The “normalized format” the user was imagining IS Tier 1 itself. External ETL writes Tier 1 directly. There’s no extra intermediate format because adding one would also require maintaining one.

The three producer paths (re-stated explicitly)

Per the schema-as-primitive commitment, three independent ways to land valid Tier 1 — all first-class, all interchangeable:

┌─ PATH A — Bundled plugin engine (v0.1 ships this) ───────┐
│   User CSV / XLSX / JSON                                 │
│       │                                                  │
│       ▼  PapaParse / xlsx / JSON.parse                   │
│   ParsedData (in-memory, ephemeral)                      │
│   ────────────────────────────────                       │
│   {columns, rows, rowCount}                              │
│   TypeScript interface; lives in RAM during one          │
│   runImport() call.

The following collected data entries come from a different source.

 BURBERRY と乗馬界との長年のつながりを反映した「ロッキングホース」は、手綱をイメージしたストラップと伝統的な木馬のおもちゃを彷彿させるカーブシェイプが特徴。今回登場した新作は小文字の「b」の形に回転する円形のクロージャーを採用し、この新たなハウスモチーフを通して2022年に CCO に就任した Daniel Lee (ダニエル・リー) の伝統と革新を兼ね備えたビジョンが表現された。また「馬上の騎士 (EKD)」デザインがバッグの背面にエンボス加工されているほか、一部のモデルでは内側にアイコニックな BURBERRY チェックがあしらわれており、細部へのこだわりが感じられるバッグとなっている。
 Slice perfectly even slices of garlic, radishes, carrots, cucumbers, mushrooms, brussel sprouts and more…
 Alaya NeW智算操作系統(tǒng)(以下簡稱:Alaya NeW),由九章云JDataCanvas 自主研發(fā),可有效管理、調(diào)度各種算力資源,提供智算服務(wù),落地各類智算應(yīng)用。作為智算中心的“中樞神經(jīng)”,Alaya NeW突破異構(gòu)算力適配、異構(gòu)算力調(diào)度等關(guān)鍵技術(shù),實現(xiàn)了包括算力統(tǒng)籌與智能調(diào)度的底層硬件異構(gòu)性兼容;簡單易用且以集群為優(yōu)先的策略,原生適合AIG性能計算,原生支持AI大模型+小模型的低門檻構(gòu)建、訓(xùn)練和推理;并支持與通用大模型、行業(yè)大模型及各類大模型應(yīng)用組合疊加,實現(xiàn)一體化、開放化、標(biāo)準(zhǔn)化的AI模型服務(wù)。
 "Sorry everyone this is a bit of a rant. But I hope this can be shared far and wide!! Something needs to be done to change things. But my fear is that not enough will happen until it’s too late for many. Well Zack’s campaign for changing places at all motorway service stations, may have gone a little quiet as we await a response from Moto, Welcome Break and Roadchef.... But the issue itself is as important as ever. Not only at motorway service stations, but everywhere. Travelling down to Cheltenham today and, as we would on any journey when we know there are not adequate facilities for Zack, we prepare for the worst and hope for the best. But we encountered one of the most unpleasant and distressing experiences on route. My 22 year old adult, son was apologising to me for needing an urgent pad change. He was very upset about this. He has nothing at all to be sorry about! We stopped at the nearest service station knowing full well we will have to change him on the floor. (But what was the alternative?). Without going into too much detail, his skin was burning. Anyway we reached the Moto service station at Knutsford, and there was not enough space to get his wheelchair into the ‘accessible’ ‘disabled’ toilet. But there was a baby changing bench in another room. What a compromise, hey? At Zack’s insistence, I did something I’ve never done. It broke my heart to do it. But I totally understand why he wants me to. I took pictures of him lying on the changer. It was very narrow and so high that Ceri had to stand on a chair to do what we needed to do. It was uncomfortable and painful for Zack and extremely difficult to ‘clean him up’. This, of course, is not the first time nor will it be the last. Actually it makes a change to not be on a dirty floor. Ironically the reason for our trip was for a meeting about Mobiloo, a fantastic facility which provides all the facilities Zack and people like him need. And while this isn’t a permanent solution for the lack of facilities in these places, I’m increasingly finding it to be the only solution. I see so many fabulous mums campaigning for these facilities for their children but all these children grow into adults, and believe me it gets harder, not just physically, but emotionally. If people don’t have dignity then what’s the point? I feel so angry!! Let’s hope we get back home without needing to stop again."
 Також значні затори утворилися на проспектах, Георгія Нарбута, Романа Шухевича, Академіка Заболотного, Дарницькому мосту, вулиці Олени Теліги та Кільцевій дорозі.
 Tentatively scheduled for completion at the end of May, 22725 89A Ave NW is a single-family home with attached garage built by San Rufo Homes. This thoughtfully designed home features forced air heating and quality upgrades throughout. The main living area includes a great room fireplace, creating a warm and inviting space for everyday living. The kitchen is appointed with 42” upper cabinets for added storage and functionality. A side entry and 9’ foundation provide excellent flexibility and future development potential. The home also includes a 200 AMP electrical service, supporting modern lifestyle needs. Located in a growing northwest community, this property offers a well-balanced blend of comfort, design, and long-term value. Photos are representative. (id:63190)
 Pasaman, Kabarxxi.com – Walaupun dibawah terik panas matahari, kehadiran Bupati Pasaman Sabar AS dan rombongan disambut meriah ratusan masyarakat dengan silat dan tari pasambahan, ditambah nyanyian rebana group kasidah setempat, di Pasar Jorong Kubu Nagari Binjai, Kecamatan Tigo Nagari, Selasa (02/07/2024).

NOT a tier. NOT persisted.           │
│       │                                                  │
│       ▼  + Recipe → render() → Address                   │
│   Tier 1 Markdown ◄──── canonical contract               │
└──────────────────────────────────────────────────────────┘

┌─ PATH B — External CLI producer (deferred to v0.5+) ─────┐
│   User source data (any shape)                           │
│       │                                                  │
│       ▼  External tool (Python + Polars + DuckDB,        │
│          dbt, custom scripts, ChunkyCSV, JSONaut)        │
│   Tier 1 Markdown ◄──── canonical contract               │
│   (writes directly; never goes through ParsedData)       │
└──────────────────────────────────────────────────────────┘

┌─ PATH C — AI agent / MCP server ─────────────────────────┐
│   Anything (browser, API, scraped page, conversation)    │
│       │                                                  │
│       ▼  Whatever the agent does                         │
│   Tier 1 Markdown ◄──── canonical contract               │
└──────────────────────────────────────────────────────────┘

Path A is what v0.1 ships. Paths B and C are first-class architectural citizens — anyone emitting valid Tier 1 is a Crosswalker producer — but Crosswalker’s repo doesn’t ship a Path B or Path C producer in v0.1. That’s deferred to v0.5+ (Ch 23 synthesis).

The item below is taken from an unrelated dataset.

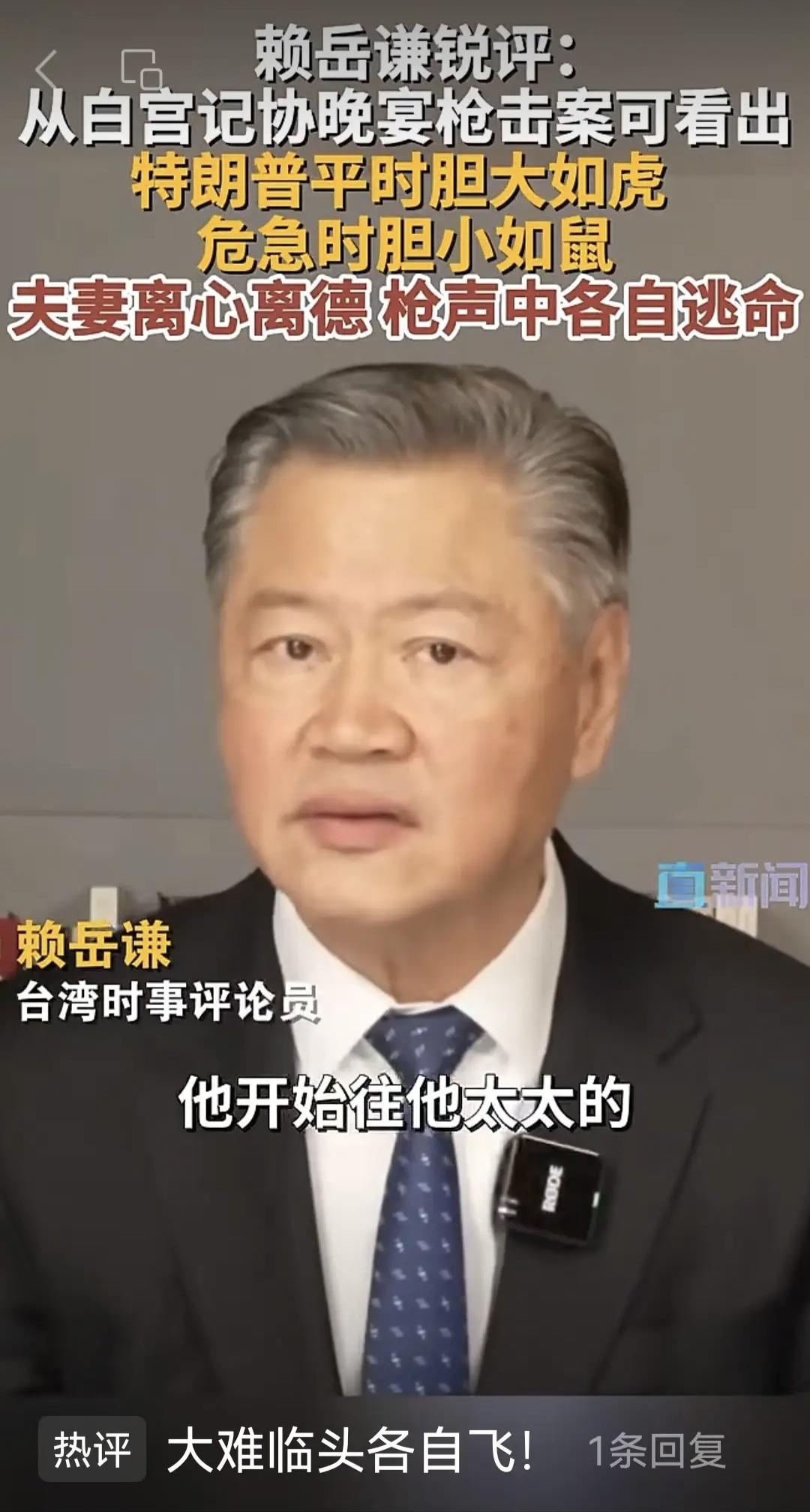 台湾赖岳谦教授的几句锐评,戳破了特朗普的硬汉伪装。白宫记协晚宴的枪声一响,平时喊打喊杀、胆大包天的特朗普,瞬间成了慌不择路的胆小鬼。 枪响瞬间,现场乱成一锅粥。特朗普起初还嘴硬说“以为是托盘掉地上”,转头就被拍到腿都软了,差点趴地上,踉跄着被特勤护着撤离。 更讽刺的是,他口中“躲避得更快”的梅拉尼娅,早就反应过来钻到桌下,夫妻俩全程没顾上彼此,在安保簇拥下各走各的路,真是大难临头各自飞。 平日里,特朗普总把自己包装成无所畏惧的领袖,推特上怼天怼地,演讲里喊打喊杀。可枪声一响,他连基本的镇定都装不出来,几乎是被吓傻了,连特勤都得催着他撤离。反观梅拉尼娅,反应比他快得多,早早就躲好了,夫妻离心离德的场面,被镜头拍得明明白白。 赖岳谦说得一点没错:特朗普就是典型的“平时胆大如虎,危急时胆小如鼠”。那些竞选造势里的硬汉人设,在真正的危险面前不堪一击。所谓的“夫妻同心”,在枪响的那一刻就碎得稀碎。 这场枪击案,没伤到特朗普分毫,却把他的真实面目扒得一干二净。平时的嚣张气焰,不过是建立在绝对安全的舞台上;真正面对死亡威胁时,他比谁都慌。 特朗普状态 特朗普怒斥美国 特朗普碰壁

Why no static intermediate format

Two reasons one would consider an intermediate format, and why each is rejected:

Reason to add an intermediate	Why it’s rejected
”External producers need a normalized format the engine can ingest”	The engine doesn’t ingest Tier 1 — it produces Tier 1. External producers also produce Tier 1. There’s nothing to ingest. The schema is the contract; the format is the contract.
”An intermediate format would let us validate before writing files”	Tier 1 frontmatter validation already happens pre-write inside Path A (since v0.1.4). External producers run their own validation against the same schema. The validator (AJV + `spec/tier1.schema.json`) is the shared validation surface.

Adding an intermediate format would double the contract surface — schema for the intermediate + schema for Tier 1 — without buying anything. The schema-as-primitive commitment specifically rejects this.

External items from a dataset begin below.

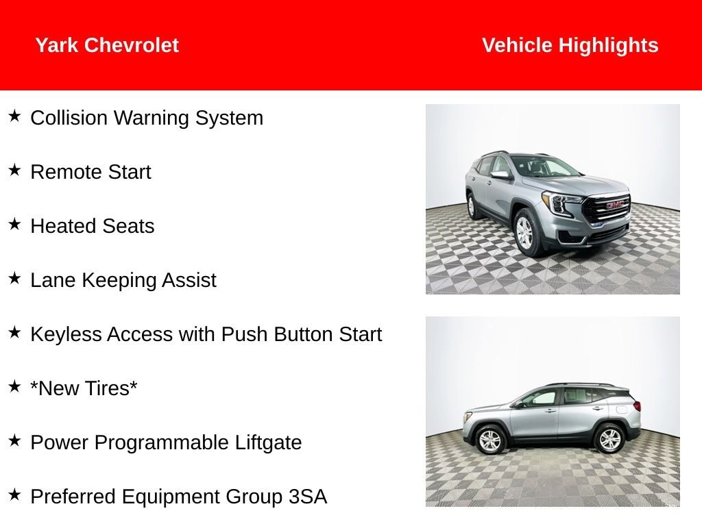 Certified. 2023 Sterling Metallic GMC Terrain SLE 1.5L DOHC Collision Warning System, Remote Start, Heated Seats, Lane Keeping Assist, Keyless Access with Push Button Start, *New Tires*, Power Programmable Liftgate, AWD, Driver & Front Passenger Heated Seats, Driver Convenience Package, Dual-Zone Automatic Climate Control, Front Bucket Seats, Fully automatic headlights, Power Programmable Rear Liftgate, Preferred Equipment Group 3SA, Premium Cloth Seat Trim, Remote keyless entry, Remote Start, Wheels: 17 x 7 Silver Painted Aluminum, Wireless Apple CarPlay/Wireless Android Auto.Priced below KBB Fair Purchase Price! Clean CARFAX. CARFAX One-Owner. 24/28 City/Highway MPGCertification Program Details: This vehicle is part of GMâs CarBravo® program meaning you get certified inspection and reconditioning, a standard GM-backed limited warranty, roadside assistance, and access to the nationwide GM service network. Choose with confidence. Ask us about full CarBravo benefits. ? Comprehensive Multi-Point Inspection & Reconditioning Every CarBravo vehicle meets GM standards for quality and reliability. ? GM-Backed Limited Warranty Includes a 6-month/6,000-mile bumper-to-bumper limited warranty (or 30-day/1,000-mile for BravoBudget vehicles). ? Roadside Assistance & Courtesy Transportation Coverage during the warranty period for added confidence. ? Vehicle Exchange Program If itâs not the right fit, exchange it within 10 days or 500 miles. ? Transparent Vehicle History Every CarBravo vehicle includes a free vehicle history report and clear, upfront pricing. ? Nationwide GM Service Network Access professional service and warranty support at thousands of GM dealerships. ? Complimentary Trials Eligible vehicles include a 1-month OnStar® trial and 3-month SiriusXM® subscription. Buy with confidence this CarBravo® vehicle from Yark Automotive Group includes a GM-backed limited warranty, multi-point inspection, roadside assistance, and vehicle exchange program. ? Certified quality. ? Transparent pricing. ? Nationwide GM service support. CarBravo by Yark Certified. Backed by GM. Driven by You.Shop Smarter with Yark Automotive! Yark makes car buying easy with Live Market Pricing updated hourly from over 20,000 sites to ensure you get a real-time, fair market price on every pre-owned vehicle. No games, no inflated prices just transparent, competitive value from a dealership trusted for 40+ years. With 12 brands and 8 convenient locations across NW Ohio & SE Michigan, Yark offers the largest new and used inventory in the region making it easy to find exactly what youâre looking for! Buy with confidence from the regionâs #1 volume new & used automotive group for 28+ years!
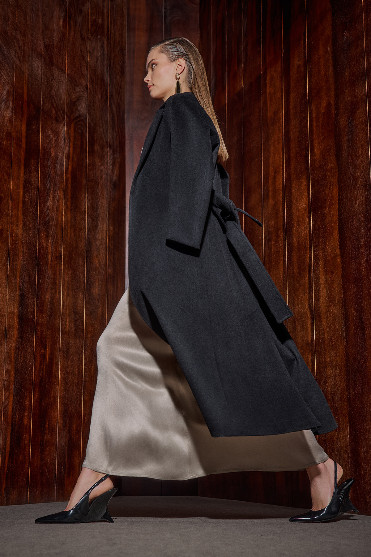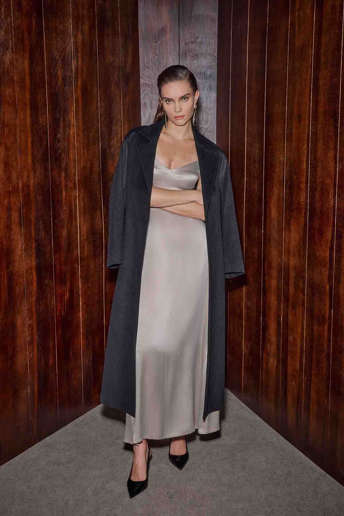 Evellyn Siyah Kaban, yün karışımlı lüks kumaşı ve modern kuşaklı kesimiyle kadın dış giyimde sofistike bir tarz yaratıyor. Siyahın asaleti ile her kombine kolayca uyum sağlıyor. Şık kadın smokin takımları ile kombinleyerek davet stilinizi tamamlayabilir günlük kombinlerinizde ve en soğuk kış davetlerinde bile şıklığınızı en üst seviyede tutabilirsiniz.
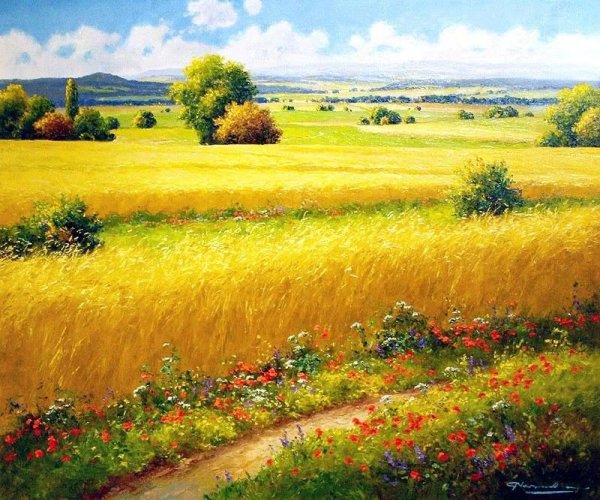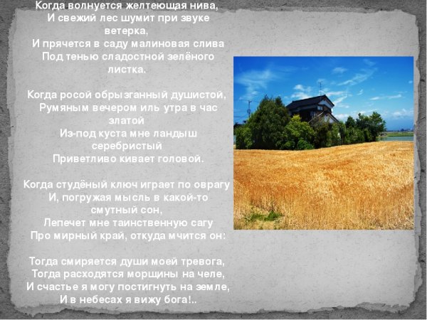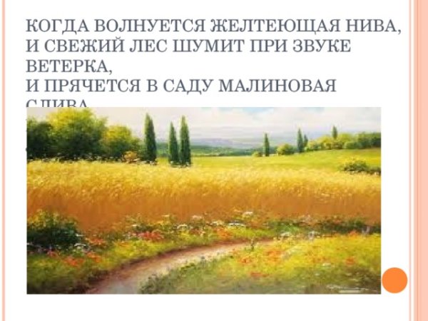 На фоне мягкого, желтеющего солнца, волны зеленой нивы медленно колышутся под легким дуновением ветра. Это изображение словно захватывает дух и переносит нас в красивый и спокойный мир природы. Вид света, отраженного на зрелом зерне, создает чувство гармонии и тепла. Желтеющая нива символизирует приближение осени, время урожая и благополучия. Очарование этого момента запечатлено в стихотворении, которое олицетворяет красоту и изменчивость природы, а также делает нас задуматься о скоротечности времени и наслаждении каждым прекрасным моментом.

The Path A pipeline (per-row, fully spelled out)

After v0.1.4, the bundled engine’s per-row processing:

ParsedData.rows[i]                  ◄── one row at a time
        │
        ▼
ConceptIdentity {curie, scope}       ◄── scope = the row itself; CURIE
        │                                derived from row.id or recipe template
        ▼  + Recipe
render(Recipe, ConceptIdentity)      ◄── pure function (Ch 22 §3)
        │                                single coupling point
        ▼
Address {                            ◄── what render() returns
  primary: {path, anchor?},
  wikilinkTarget,
  tags[], aliases[],
  frontmatter (managed)
}
        │
        ▼  + buildProvenance() + body
validateTier1Frontmatter()           ◄── pre-write gate (v0.1.4)
        │                                STRM predicate enforcement here;
        │                                strict mode blocks invalid rows
        ▼
mergeFrontmatter(existing, new)      ◄── user_preserve survives (Ch 22 §8.4)
        │                                review_status, reviewer, custom keys
        ▼
app.vault.create() / .modify()       ◄── Tier 1 file written

Things that look like intermediate formats but aren’t:

ConceptIdentity {curie, scope} — a function-call argument; not persisted; not a contract. Just the input shape render() requires.
Address — render()’s return type; transient; gets composed with provenance + body and serialized to YAML+Markdown. Not persisted.
ParsedData — already covered above. RAM only.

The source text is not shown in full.